----- Extracted material

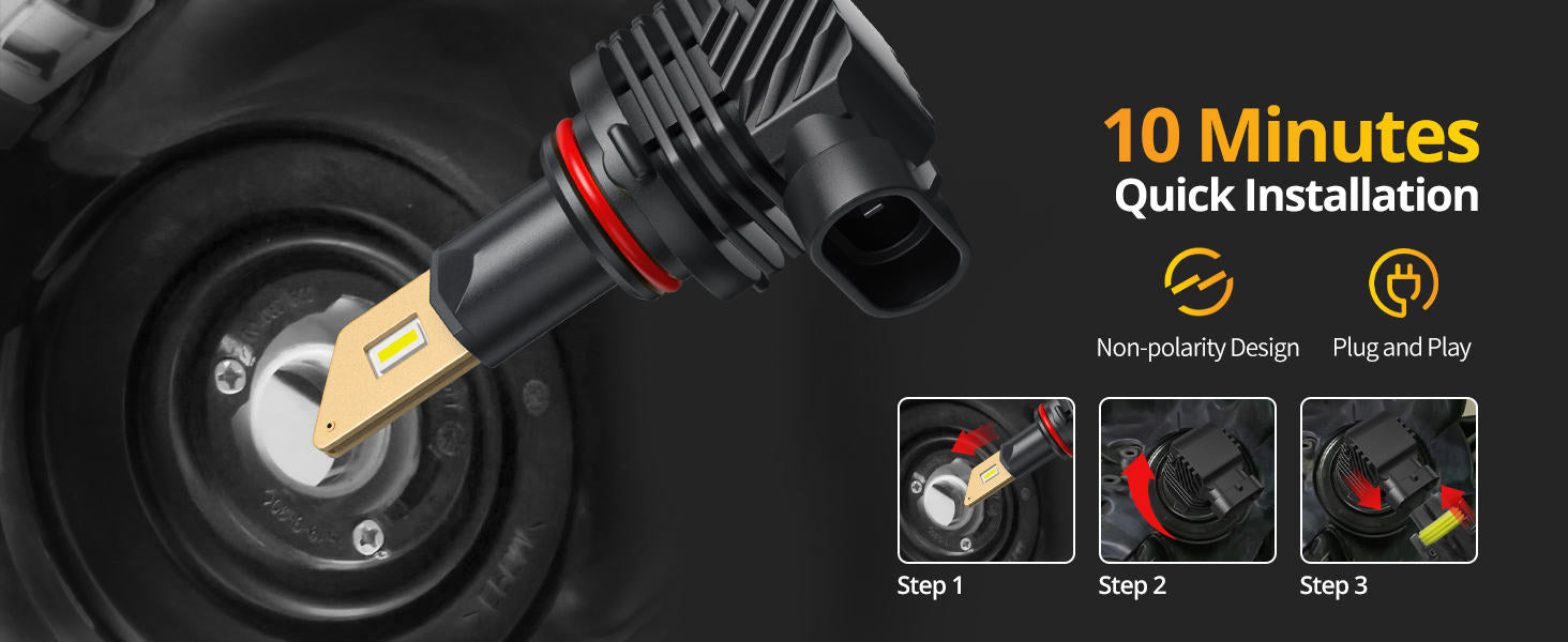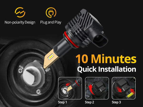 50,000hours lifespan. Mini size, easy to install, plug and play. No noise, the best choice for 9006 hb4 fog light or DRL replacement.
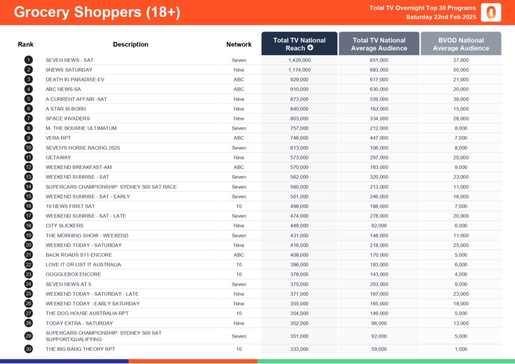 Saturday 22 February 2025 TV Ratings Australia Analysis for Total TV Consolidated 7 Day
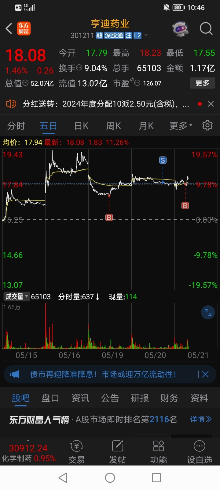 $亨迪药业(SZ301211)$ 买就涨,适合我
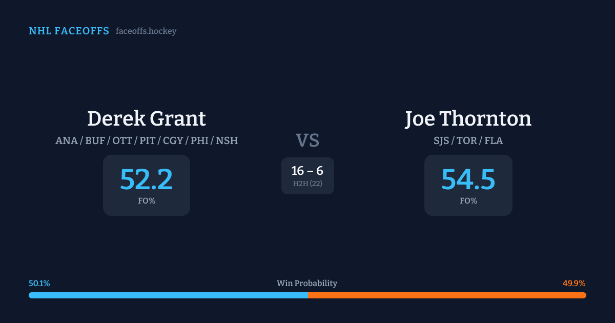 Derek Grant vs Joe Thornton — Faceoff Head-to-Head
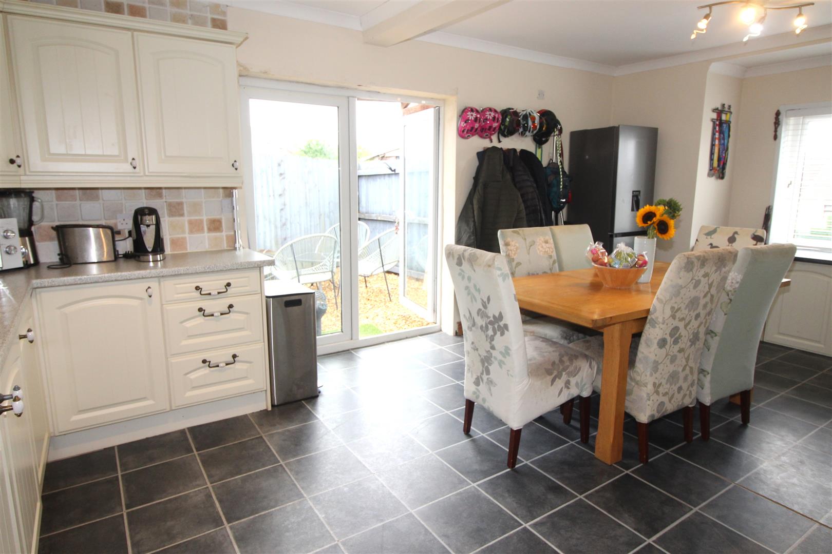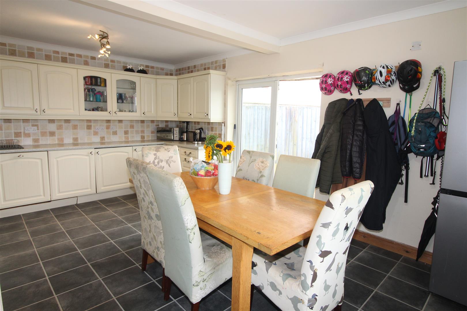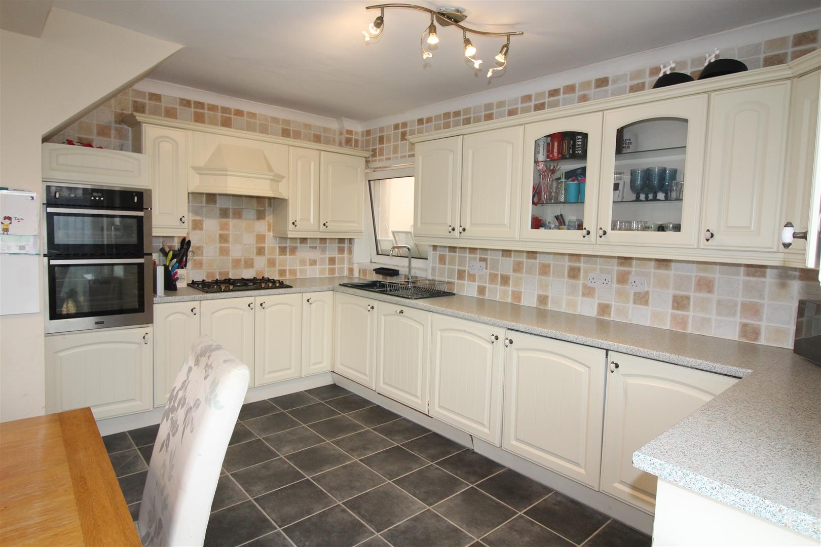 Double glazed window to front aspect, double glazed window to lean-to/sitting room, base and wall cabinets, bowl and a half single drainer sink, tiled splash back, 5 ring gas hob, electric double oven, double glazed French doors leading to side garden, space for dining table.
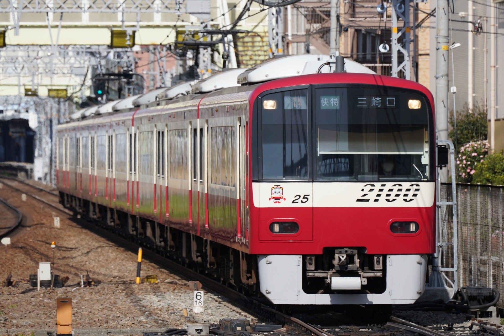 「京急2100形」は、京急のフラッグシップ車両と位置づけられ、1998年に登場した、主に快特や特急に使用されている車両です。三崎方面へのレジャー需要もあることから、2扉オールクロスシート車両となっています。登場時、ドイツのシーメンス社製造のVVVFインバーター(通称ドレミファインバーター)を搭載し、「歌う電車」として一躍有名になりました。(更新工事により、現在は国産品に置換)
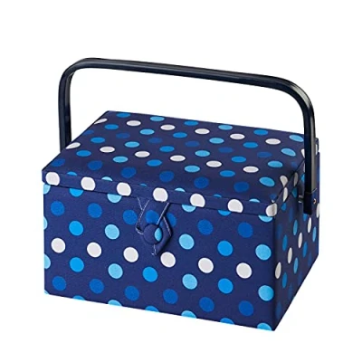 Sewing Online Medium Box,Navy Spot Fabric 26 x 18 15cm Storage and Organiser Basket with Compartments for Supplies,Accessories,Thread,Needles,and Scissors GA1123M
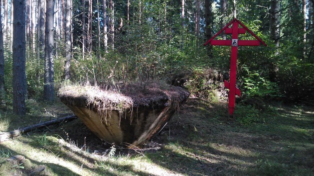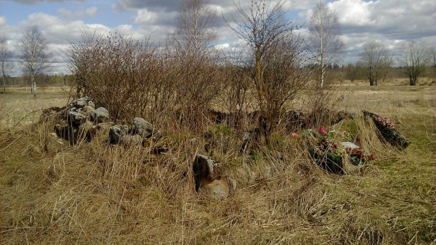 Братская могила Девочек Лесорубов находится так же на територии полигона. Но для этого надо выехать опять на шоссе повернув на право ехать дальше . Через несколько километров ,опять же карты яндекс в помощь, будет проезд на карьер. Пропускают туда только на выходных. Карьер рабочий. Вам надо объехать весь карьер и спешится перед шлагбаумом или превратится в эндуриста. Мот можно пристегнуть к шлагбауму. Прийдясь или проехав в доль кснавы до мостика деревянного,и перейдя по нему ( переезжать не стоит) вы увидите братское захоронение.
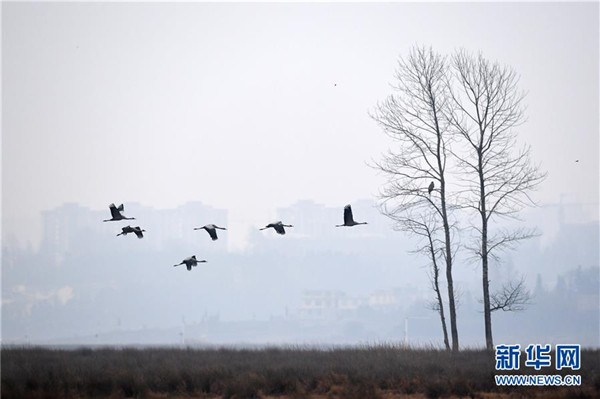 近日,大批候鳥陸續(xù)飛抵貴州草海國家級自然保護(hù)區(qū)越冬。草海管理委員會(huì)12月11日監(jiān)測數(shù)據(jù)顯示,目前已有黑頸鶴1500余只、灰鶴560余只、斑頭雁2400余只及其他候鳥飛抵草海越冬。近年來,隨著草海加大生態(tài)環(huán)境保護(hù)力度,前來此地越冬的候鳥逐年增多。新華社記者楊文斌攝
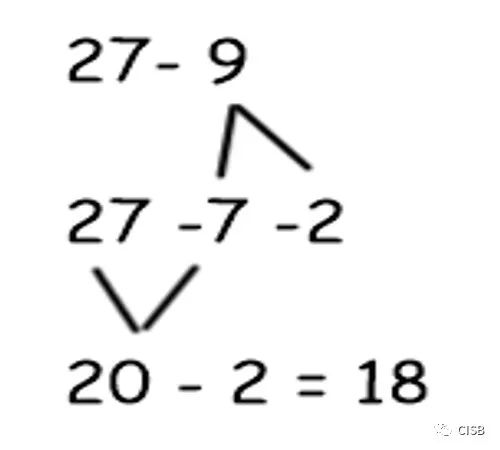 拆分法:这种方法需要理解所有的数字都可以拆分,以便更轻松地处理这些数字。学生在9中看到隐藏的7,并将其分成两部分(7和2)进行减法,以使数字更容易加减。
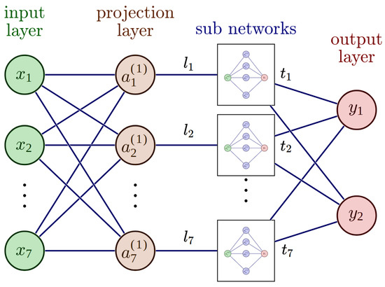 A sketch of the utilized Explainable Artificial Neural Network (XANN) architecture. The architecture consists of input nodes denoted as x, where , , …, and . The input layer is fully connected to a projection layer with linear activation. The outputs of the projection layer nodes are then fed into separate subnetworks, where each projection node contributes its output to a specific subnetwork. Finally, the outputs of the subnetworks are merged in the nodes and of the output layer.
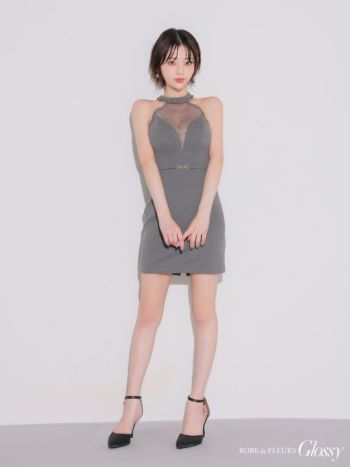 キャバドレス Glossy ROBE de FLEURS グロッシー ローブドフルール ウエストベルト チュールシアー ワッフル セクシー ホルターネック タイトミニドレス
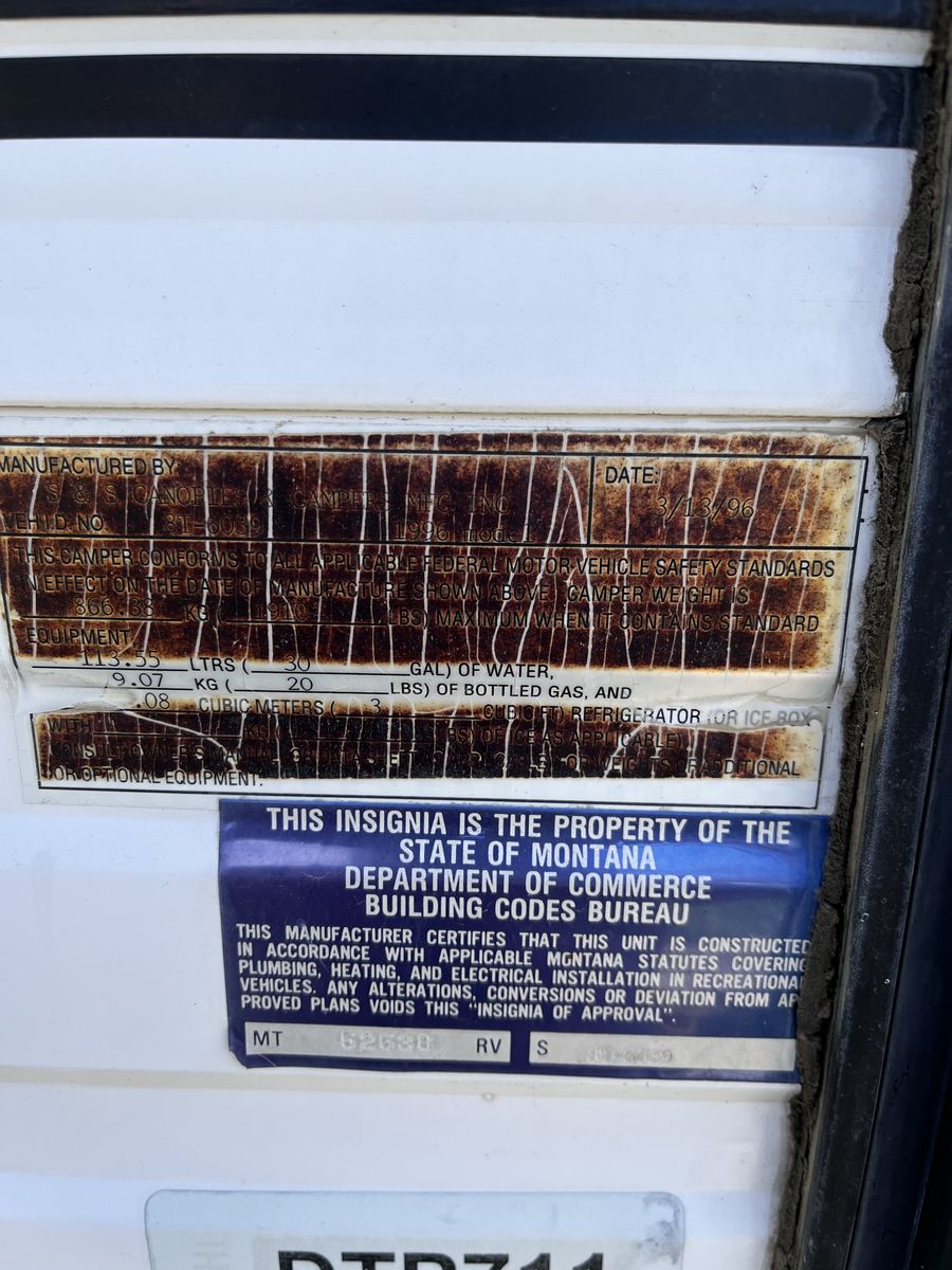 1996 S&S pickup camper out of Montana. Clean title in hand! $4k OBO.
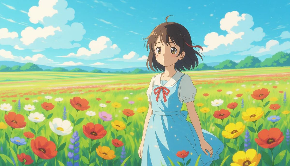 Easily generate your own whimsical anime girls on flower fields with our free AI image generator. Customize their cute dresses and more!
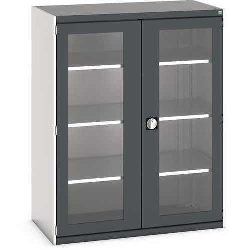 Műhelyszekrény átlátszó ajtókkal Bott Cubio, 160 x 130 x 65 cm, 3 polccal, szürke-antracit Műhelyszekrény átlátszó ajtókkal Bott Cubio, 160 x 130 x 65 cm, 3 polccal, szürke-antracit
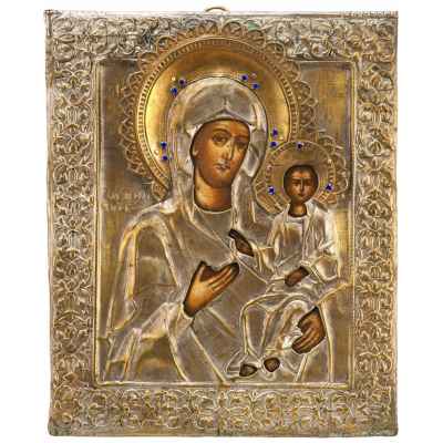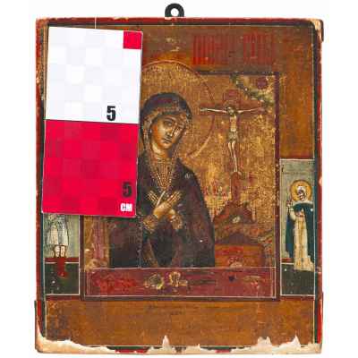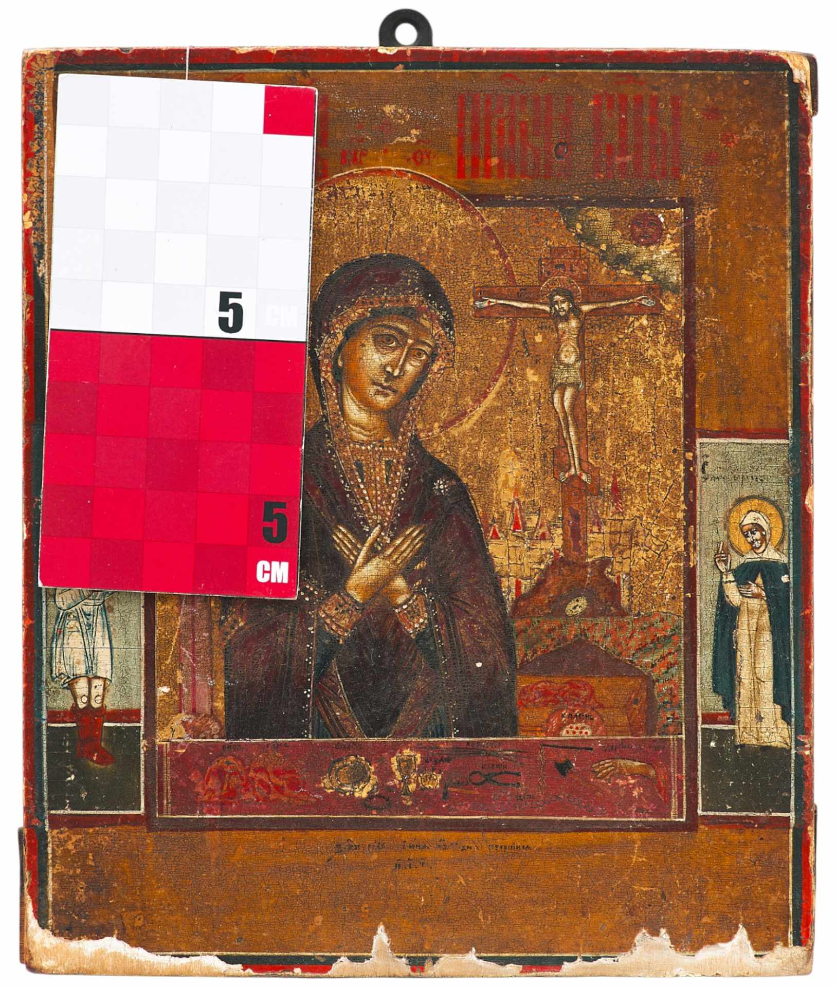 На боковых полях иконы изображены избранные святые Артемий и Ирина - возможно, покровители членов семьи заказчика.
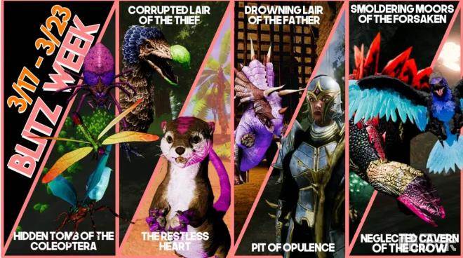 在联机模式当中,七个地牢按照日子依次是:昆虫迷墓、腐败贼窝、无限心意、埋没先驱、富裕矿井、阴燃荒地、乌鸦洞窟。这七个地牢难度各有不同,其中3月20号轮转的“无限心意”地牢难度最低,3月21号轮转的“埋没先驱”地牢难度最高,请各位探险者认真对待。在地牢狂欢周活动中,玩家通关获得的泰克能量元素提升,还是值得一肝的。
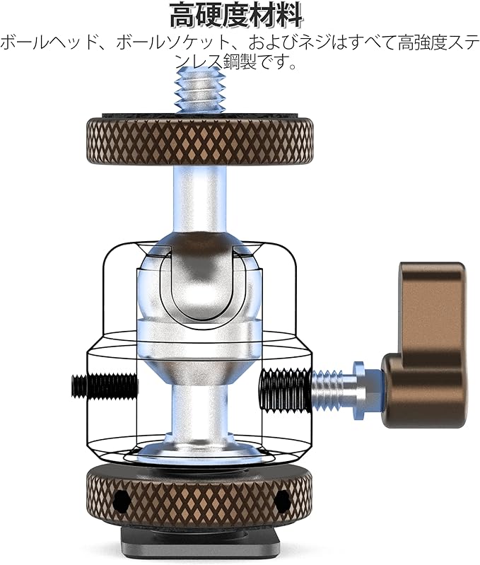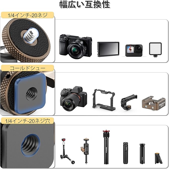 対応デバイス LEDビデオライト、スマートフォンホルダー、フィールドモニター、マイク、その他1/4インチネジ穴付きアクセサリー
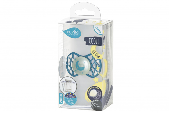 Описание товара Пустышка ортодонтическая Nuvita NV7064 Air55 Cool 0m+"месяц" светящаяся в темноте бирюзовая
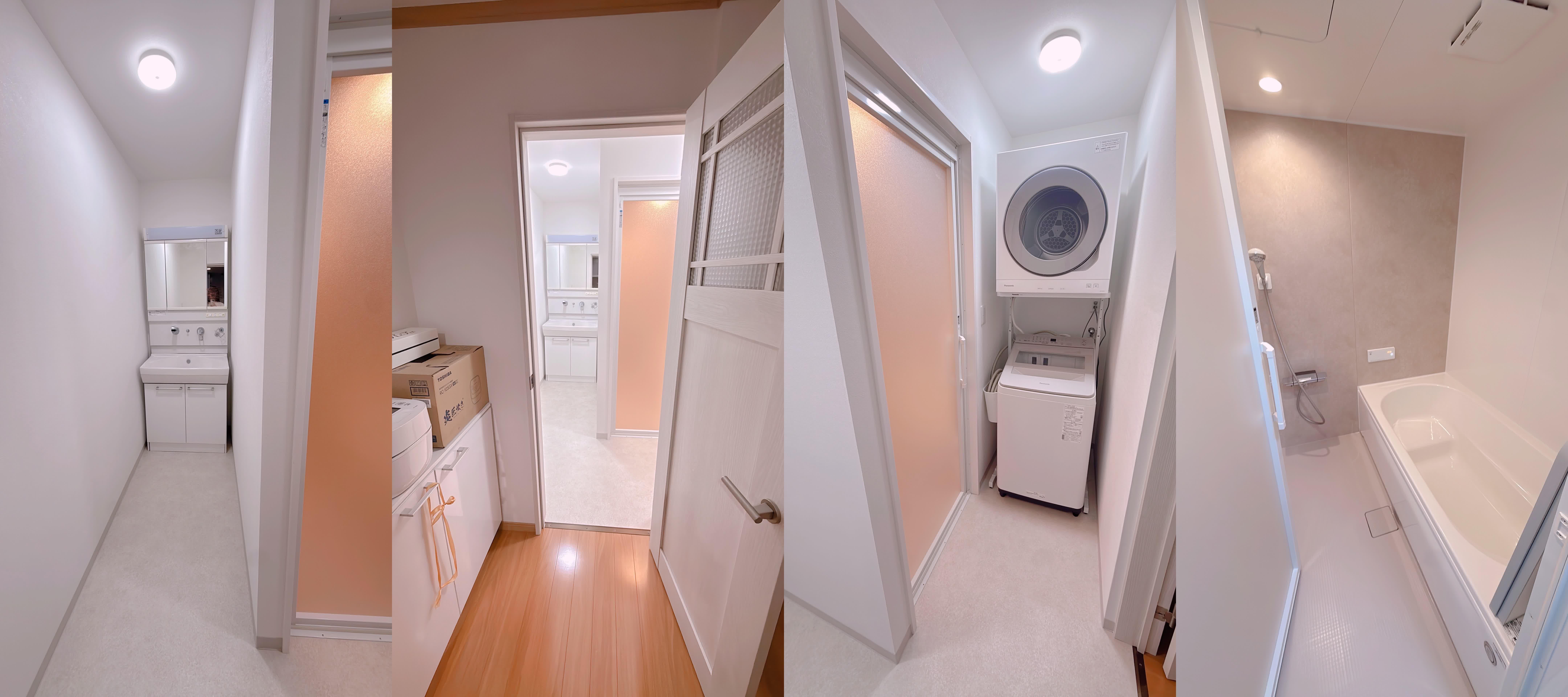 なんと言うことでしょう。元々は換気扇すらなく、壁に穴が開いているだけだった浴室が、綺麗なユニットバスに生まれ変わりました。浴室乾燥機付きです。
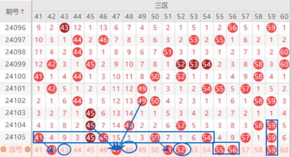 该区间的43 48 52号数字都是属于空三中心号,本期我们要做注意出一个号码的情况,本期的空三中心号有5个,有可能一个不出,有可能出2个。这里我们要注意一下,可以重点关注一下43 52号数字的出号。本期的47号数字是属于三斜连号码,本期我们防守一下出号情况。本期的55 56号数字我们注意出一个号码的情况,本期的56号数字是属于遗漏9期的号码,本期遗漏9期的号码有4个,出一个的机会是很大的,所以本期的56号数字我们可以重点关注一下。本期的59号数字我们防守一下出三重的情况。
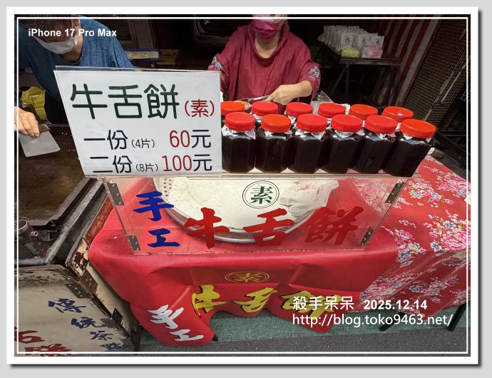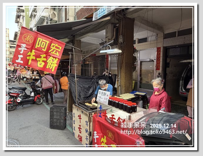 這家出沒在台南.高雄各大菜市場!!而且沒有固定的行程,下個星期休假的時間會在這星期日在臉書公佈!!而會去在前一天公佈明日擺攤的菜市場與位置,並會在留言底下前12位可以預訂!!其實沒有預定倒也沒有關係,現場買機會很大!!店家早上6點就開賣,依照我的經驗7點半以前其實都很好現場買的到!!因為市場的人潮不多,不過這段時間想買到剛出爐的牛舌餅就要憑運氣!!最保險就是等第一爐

----------

== Exercise directions ==
Start at the top of the entries and repeat each line exactly, ending at the line that contains "Sewing Online Medium". Pictures are not part of the copy.

== Your response ==
 50,000hours lifespan. Mini size, easy to install, plug and play. No noise, the best choice for 9006 hb4 fog light or DRL replacement.
 Saturday 22 February 2025 TV Ratings Australia Analysis for Total TV Consolidated 7 Day
 $亨迪药业(SZ301211)$ 买就涨,适合我
 Derek Grant vs Joe Thornton — Faceoff Head-to-Head
 Double glazed window to front aspect, double glazed window to lean-to/sitting room, base and wall cabinets, bowl and a half single drainer sink, tiled splash back, 5 ring gas hob, electric double oven, double glazed French doors leading to side garden, space for dining table.
 「京急2100形」は、京急のフラッグシップ車両と位置づけられ、1998年に登場した、主に快特や特急に使用されている車両です。三崎方面へのレジャー需要もあることから、2扉オールクロスシート車両となっています。登場時、ドイツのシーメンス社製造のVVVFインバーター(通称ドレミファインバーター)を搭載し、「歌う電車」として一躍有名になりました。(更新工事により、現在は国産品に置換)
 Sewing Online Medium Box,Navy Spot Fabric 26 x 18 15cm Storage and Organiser Basket with Compartments for Supplies,Accessories,Thread,Needles,and Scissors GA1123M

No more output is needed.